**Records for this exercise**
=== Begin Enclosure ===
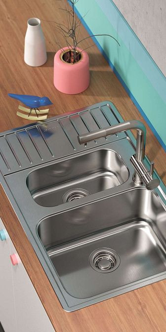 Материал мойки — нержавеющая сталь — обеспечивает высокую износостойкость изделия. Это гарантирует его долгий срок службы и сохранение привлекательного внешнего вида. Благодаря декоративному корзинчатому элементу и декоративной накладке на сливное отверстие, мойка выглядит стильно и элегантно.
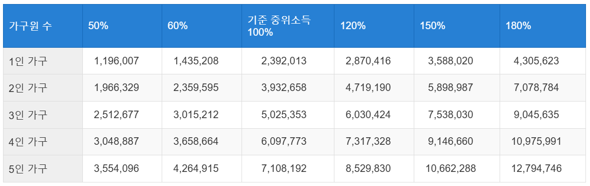 기준 중위 소득이란 전체 가구 소득을 순위별로 나열했을 때, 중간에 위치한 가구의 소득을 의미합니다.
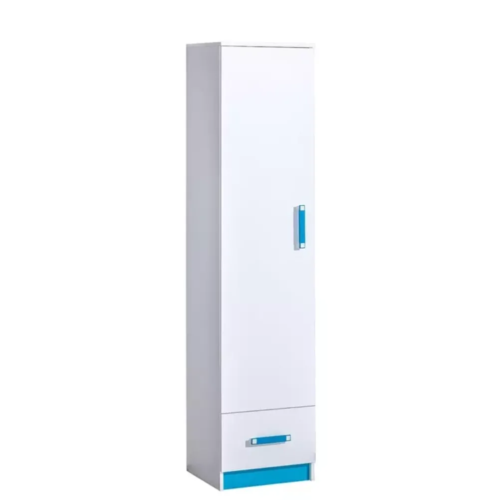 Regał z kolekcji młodzieżowych mebli systemowych TRAFIKO. Regał został wyposażony w szufladę oraz trzy półki zamknięte drzwiami. Regał idealnie sprawdzi się jako miejsce na twoje ubrania. Dzięki licznym półkom zyskasz porządek w regale. Dzięki trzem opcjom kolorystycznym dodatków i uchwytów dopasujesz regał do swojego pomieszczenia.
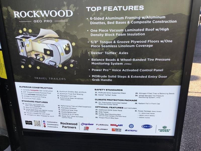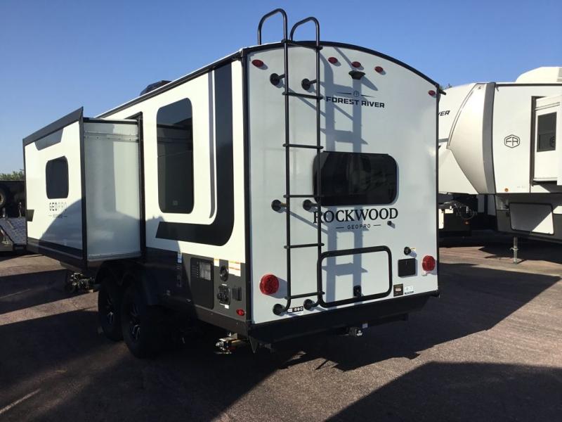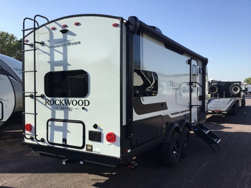 With any Rockwood GEO Pro travel trailer by Forest River you will enjoy easy towing, durable construction, and off-road capabilities with larger laminated roof! Each model is constructed with complete composite wall construction for added strength and durability, and Dexter® axles that will make towing easier than ever. Inside, you'll find sleek back up camera prep for added security, a refrigerator and a microwave, plus many other interior amenities that will make you feel at home on the road.
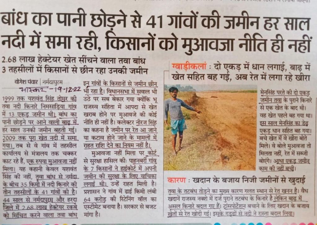 Madhya Pradesh DAM FLOODS: Thousands of farmers of 41 villages of three tehsils of Narmadapuram dist in MP along 35 km of river downstream of the Tawa dam have been facing submergence of their farms since 1999, but there is no policy for compensation and they have received none. Land revenue code has no provision for such disaster losses. https://www.bhaskar.com/local/mp/narmadapuram/news/due-to-the-release-of-water-from-the-dam-the-land-of-41-villages-got-absorbed-in-the-river-every-year-there-is-no-compensation-policy-for-the-farmers-130692776.html (19 Dec. 2022)
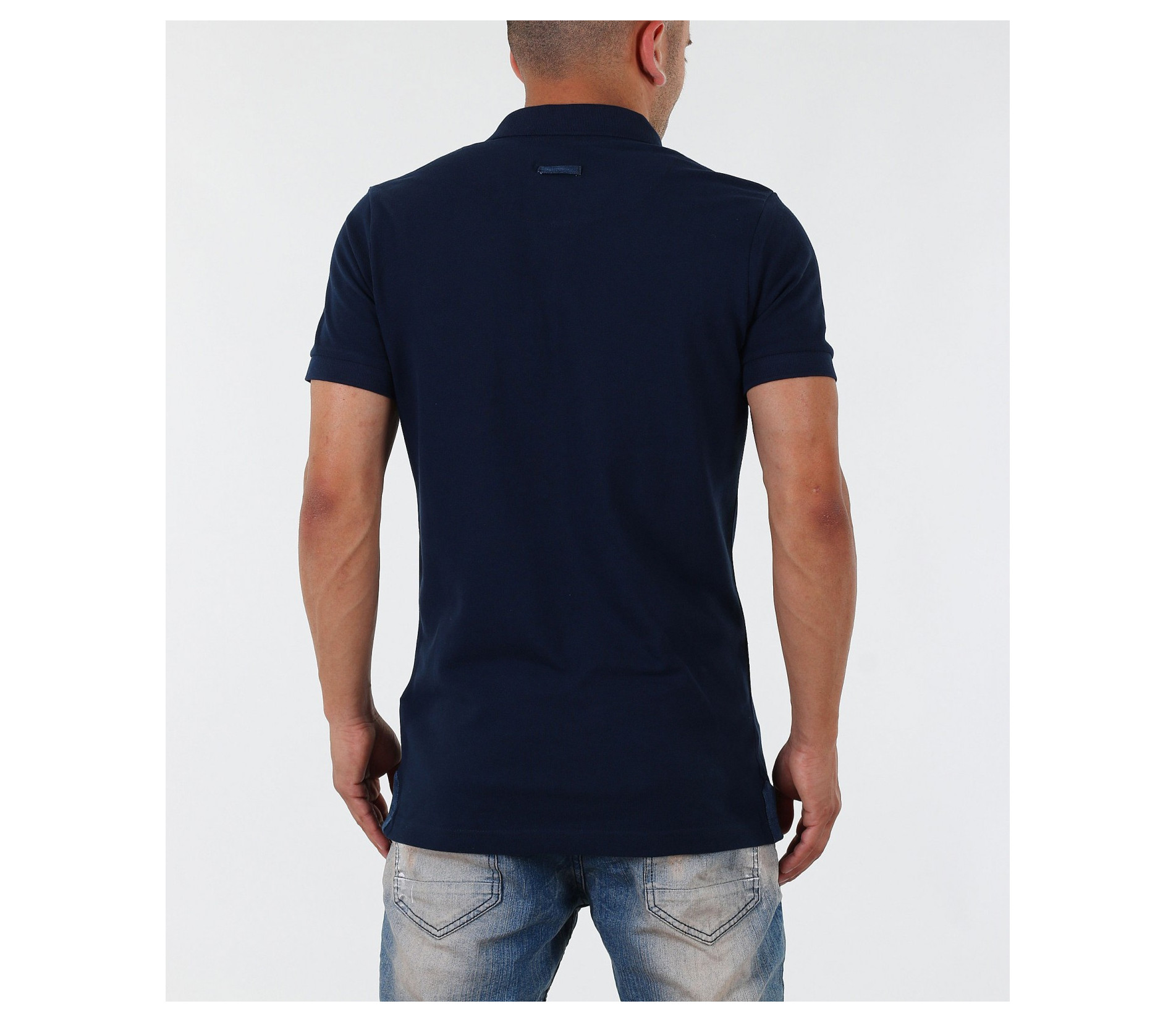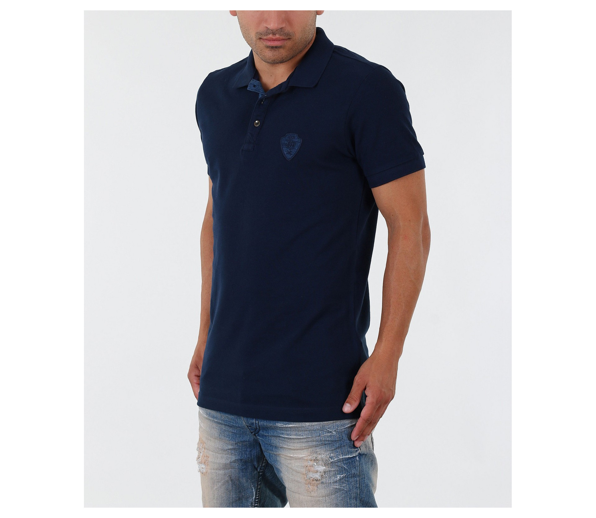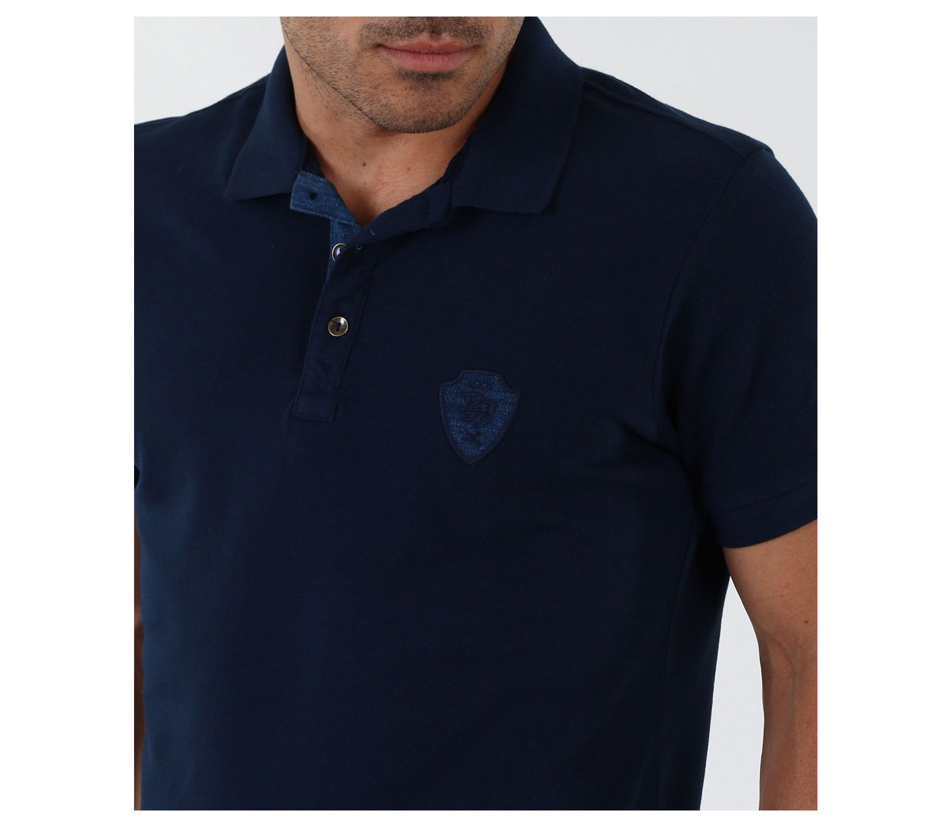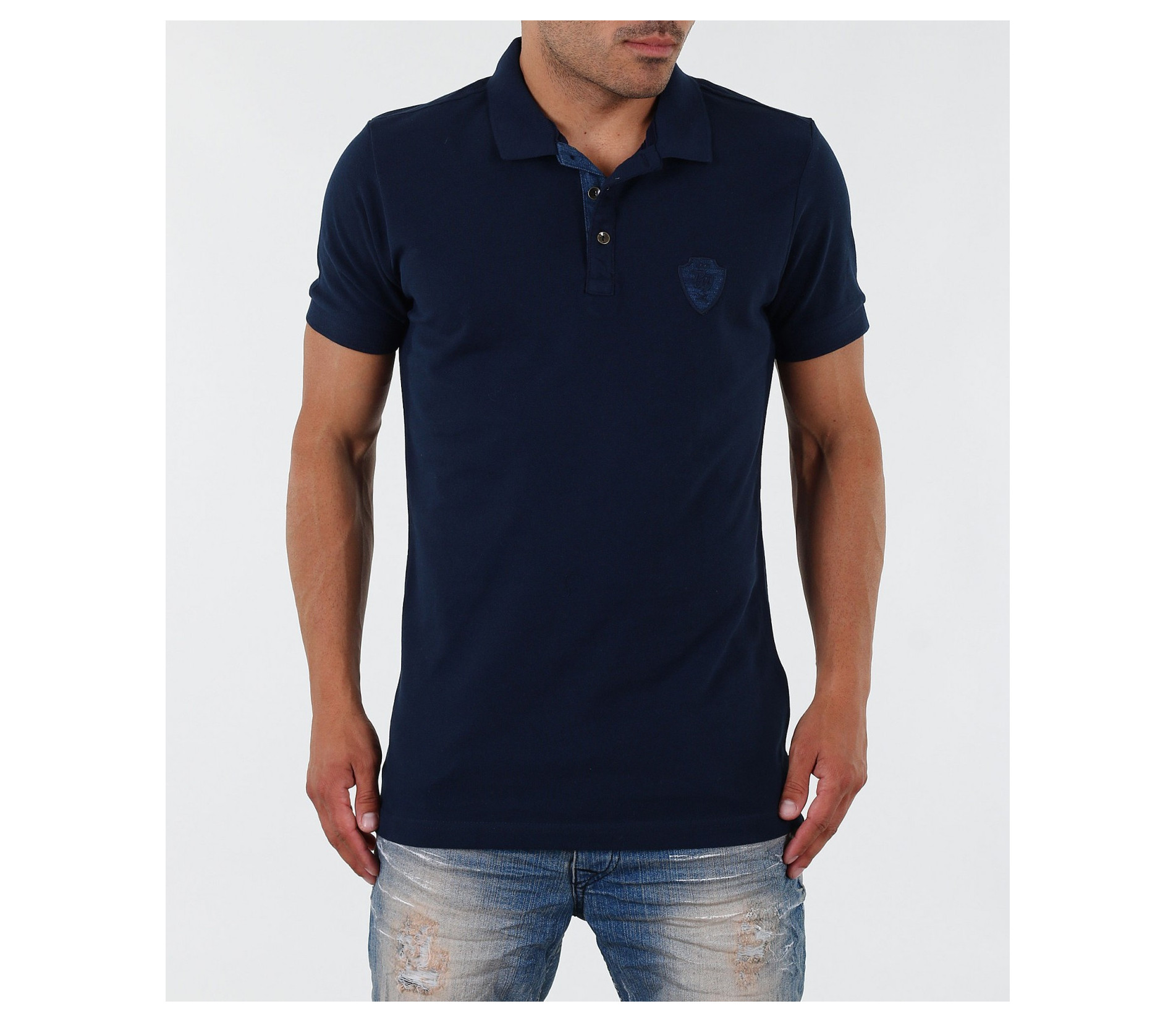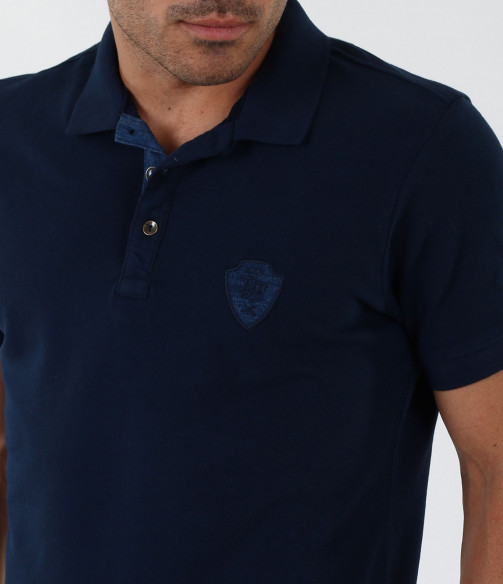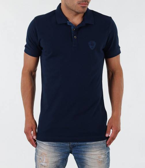 Описание на продукта: Изключително стилна мъжка блуза с къс ръкав. В областта на деколтето са поставени две малки копчета, като акцент. Тениската е с ниска яка, декорирана с дънков кант. В областта на гърдите има малка бродерия изобразяваща логото на марката, което също е декорирано с плат деним. По края на ръкавите са поставени ластици, които ги прибират плътно по ръката. Моделът е напълно изчистен от пликации и щампи, което го прави толкожа стилен. Кройката на тишърта е леко вталена със стандартна дължина. В комбинация със спортно-елегантен панталон или дънки, чифт свежи еспадрили и аксесоар по Ваш вкус получавате идеална визия.
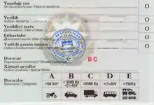 В Азербайджанской Республике водительские удостоверения различаются в зависимости от типа механических транспортных средств:
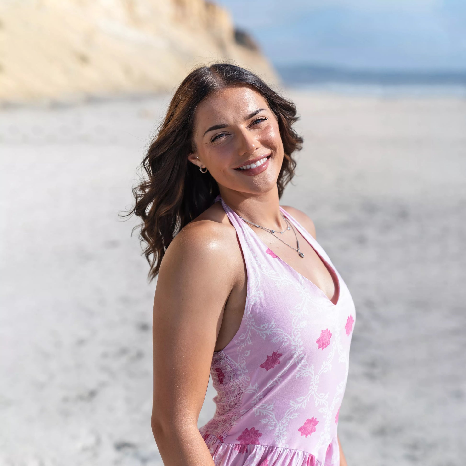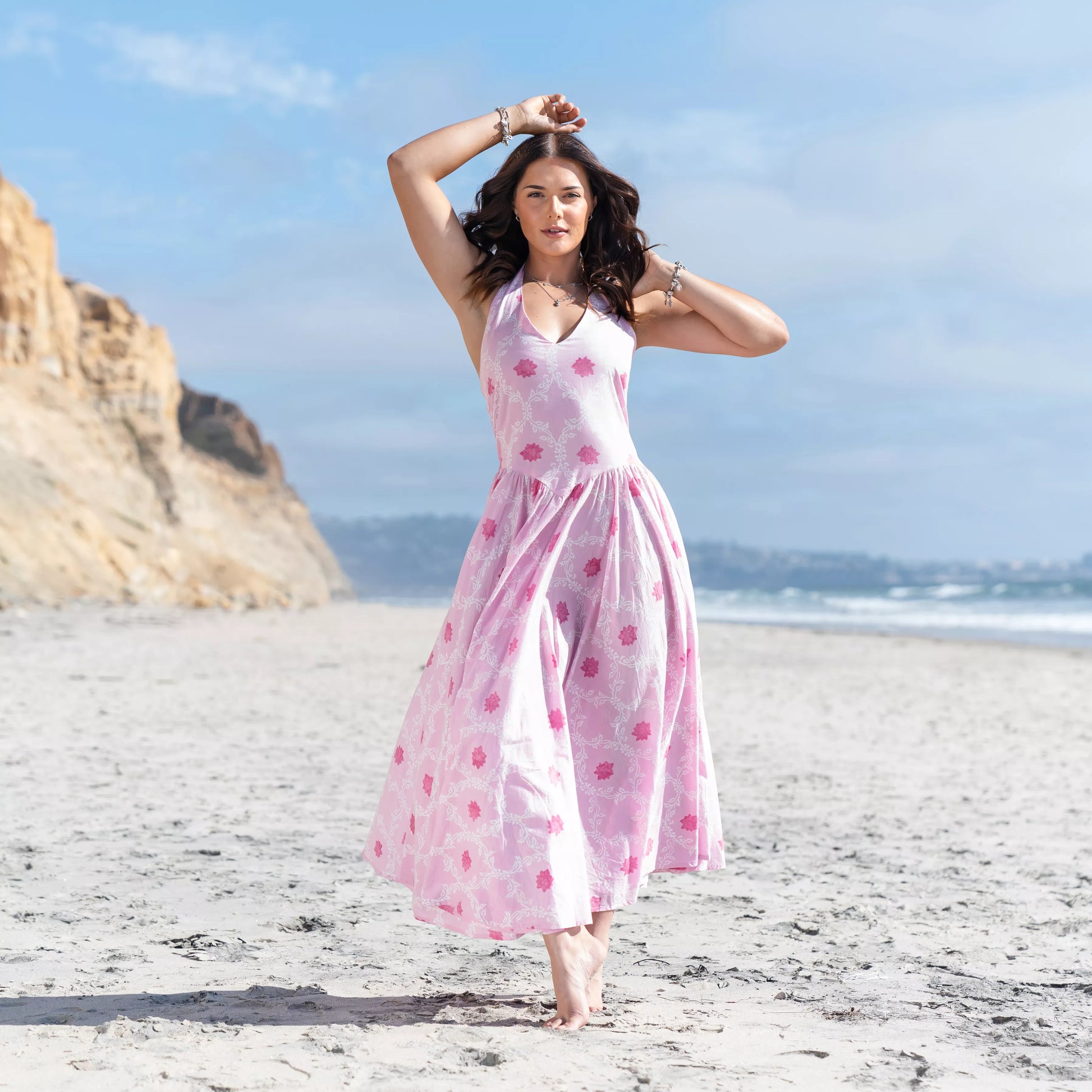 The Padmae dress is the essence of timeless elegance and artisanal mastery. Crafted from 100% organic, sustainably sourced cotton, this sleeveless midi-length dress features a refined halter neckline and a fluid silhouette that moves with effortless grace.
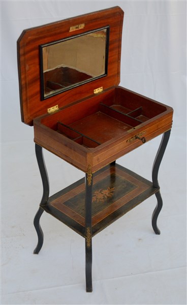 Tavolino da lavoro con piano apribile ebanizatto e filettato in legni vari a fi
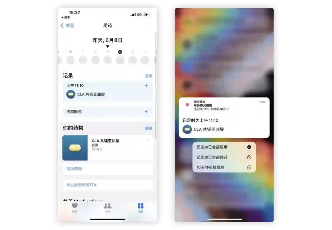 对于有日常药物服用需求的用户,可以在「健康」>「浏览」>「用药」中设置并管理自己日常药物。设定好药品和服用时间后,iOS 可以按时提示你去服用药物,并记录服药记录。此外,还支持一键导出自己的药品清单,方便购买时使用。
=== End Enclosure ===
**Task prompt**
Excerpt from the records above: set down only the lines from the one that contains "기준 중위 소득이란 전체" through the one that contains "With any Rockwood", inclusive, word for word. Pictures stay out.

**Output below**
 기준 중위 소득이란 전체 가구 소득을 순위별로 나열했을 때, 중간에 위치한 가구의 소득을 의미합니다.
 Regał z kolekcji młodzieżowych mebli systemowych TRAFIKO. Regał został wyposażony w szufladę oraz trzy półki zamknięte drzwiami. Regał idealnie sprawdzi się jako miejsce na twoje ubrania. Dzięki licznym półkom zyskasz porządek w regale. Dzięki trzem opcjom kolorystycznym dodatków i uchwytów dopasujesz regał do swojego pomieszczenia.
 With any Rockwood GEO Pro travel trailer by Forest River you will enjoy easy towing, durable construction, and off-road capabilities with larger laminated roof! Each model is constructed with complete composite wall construction for added strength and durability, and Dexter® axles that will make towing easier than ever. Inside, you'll find sleek back up camera prep for added security, a refrigerator and a microwave, plus many other interior amenities that will make you feel at home on the road.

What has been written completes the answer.